The testcase below is a demonstration of a problem I've got with a much larger build system with which I would like to start using parallel builds. In the example below, the ok and the bad targets are essentially the same, but the bad target uses a variable to invoke make. Why does this variable cause a warning as shown below and how can I fix this? I'm trying to avoid a huge rewrite by keeping the variables.

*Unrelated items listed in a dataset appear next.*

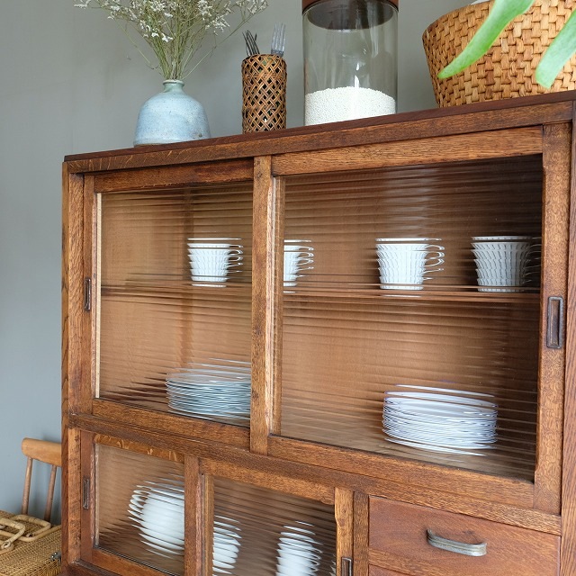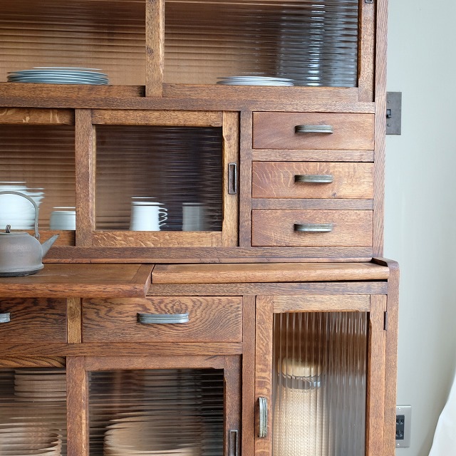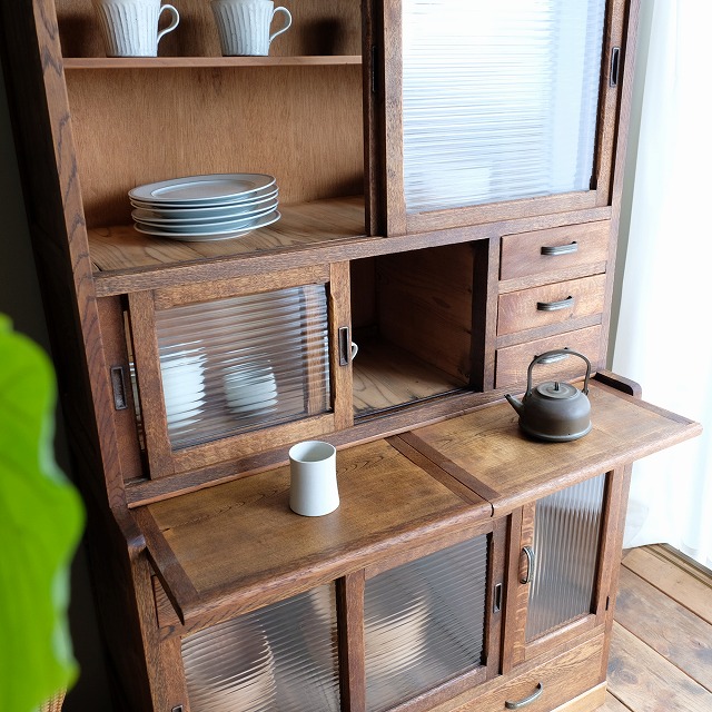 重ね式、木製食器棚です。ガラス全部にモールガラスが使用されています。とても贅沢ですね。出し入れできるテーブル付きで、ちょっとした作業にあると大変便利です。「引き戸」「開き戸」「引き出し」「出し入れできる作業台」と様々な機能が揃ったところが、とても機能的ですね。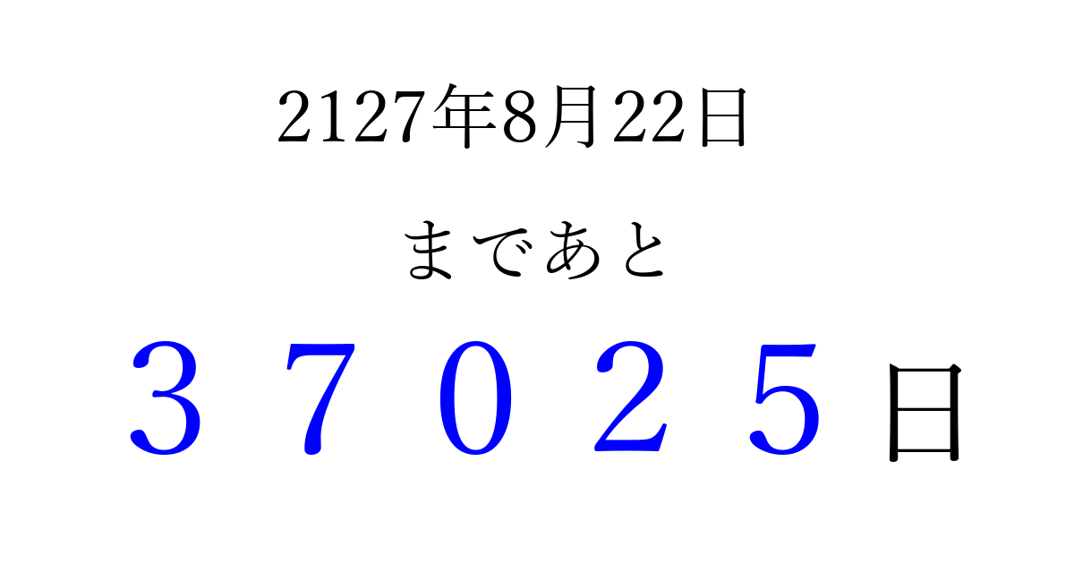 2127年8月22日(金)まで あと 99999 日です 追加すると、トップページからすぐ選べるようになります ※2026/04/08現在の結果です。 最新の状態に更新する ↓シェアして、タイムライン上にカウントダウンを表示しよう!↓ 📤 この結果を共有する Tweet シェア Threads Bluesky 別の日付でカウントダウン 2127年8月のカレンダー このページをブックマークに追加すると、いつでもカウントダウンを確認できます。 (PC: Ctrl+D / Mac: ⌘+D) hitome-notes.comでは以下のページも運営しています。 指定日と期間から日付を計算 | ガチャ確率計算・シミュレーション | プライバシー・ポリシー 運営者:Avocado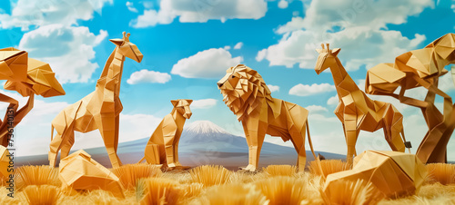paysage de savane en origami avec animaux sauvages : Lions et girafes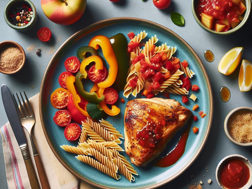 Ce plat savoureux et équilibré est une excellente option pour un déjeuner nutritif. La cuisse de poulet fournit des protéines essentielles, tandis que les poivrons et les oignons apportent une bonne dose de vitamines et de fibres. Le coulis de tomate ajoute une touche de fraîcheur et de douceur naturelle, et les pâtes complètes fournissent des glucides complexes pour l’énergie. Ce repas est complété par une compote de pomme sans sucre ajouté pour une touche sucrée saine.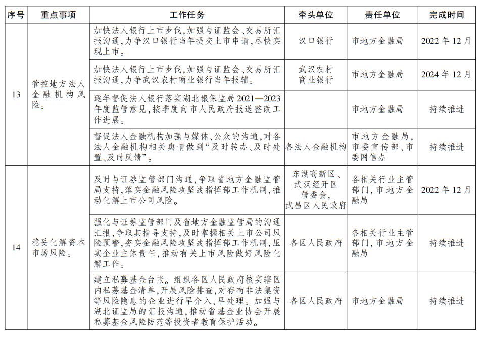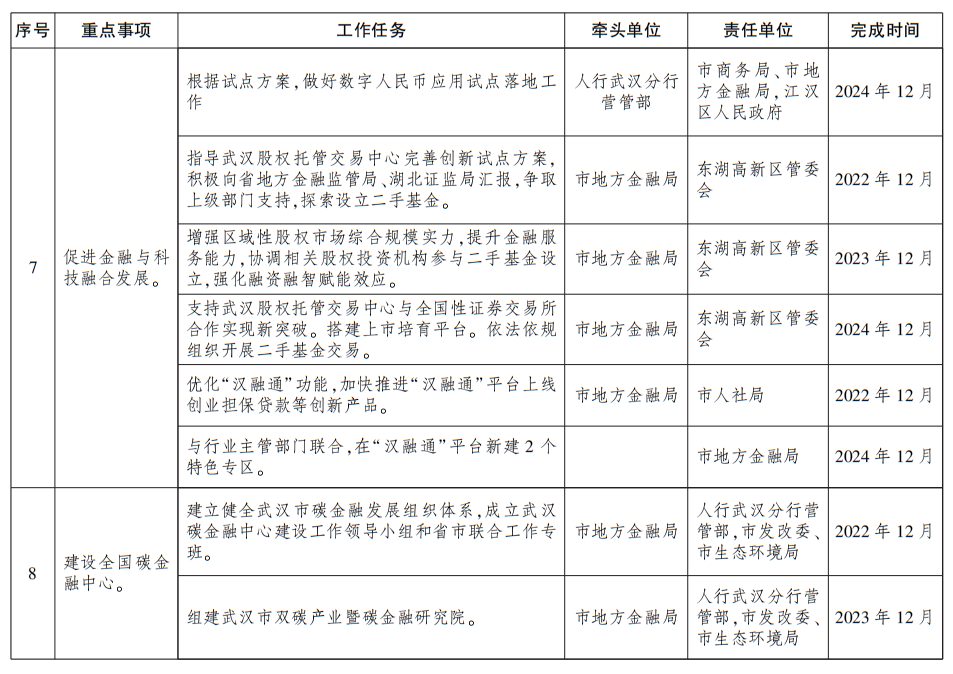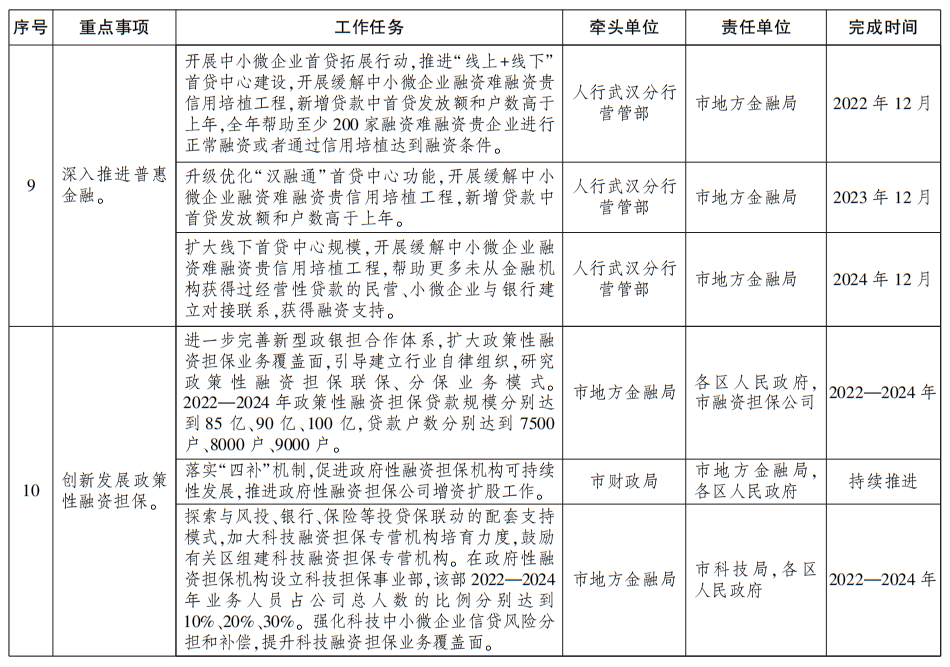 附件:武汉市金融工作三年行动方案(2022—2024年)任务分解表

The manual indicates that $(MAKE) should be prefixed with a +, but this just causes make to error out with:

/bin/sh: line 1: +make: command not found

Occurs in make 1.79.1 and 3.81. Perhaps there is a better way in make to store common code, ie other than using it in a variable?

Thanks
William



#Makefile

TARGETS=one two
TARGETS_OLD=$(TARGETS:=.ok)
TARGETS_NEW=$(TARGETS:=.bad)

ok: $(TARGETS_OLD)
bad: $(TARGETS_NEW)

common_stuff = @echo bad $*; $(MAKE) $*.xtest

%.ok:
        @echo ok $*
        $(MAKE) $*.xtest

%.bad:
        $(common_stuff);

%.xtest:
        echo testing $*



Output:

$ make -s -j2 ok
ok one
ok two
testing one
testing two

$ make -s -j2 bad
bad one
bad two
make[1]: warning: jobserver unavailable: using -j1. Add `+' to parent make rule. make[1]: warning: jobserver unavailable: using -j1. Add `+' to parent make rule.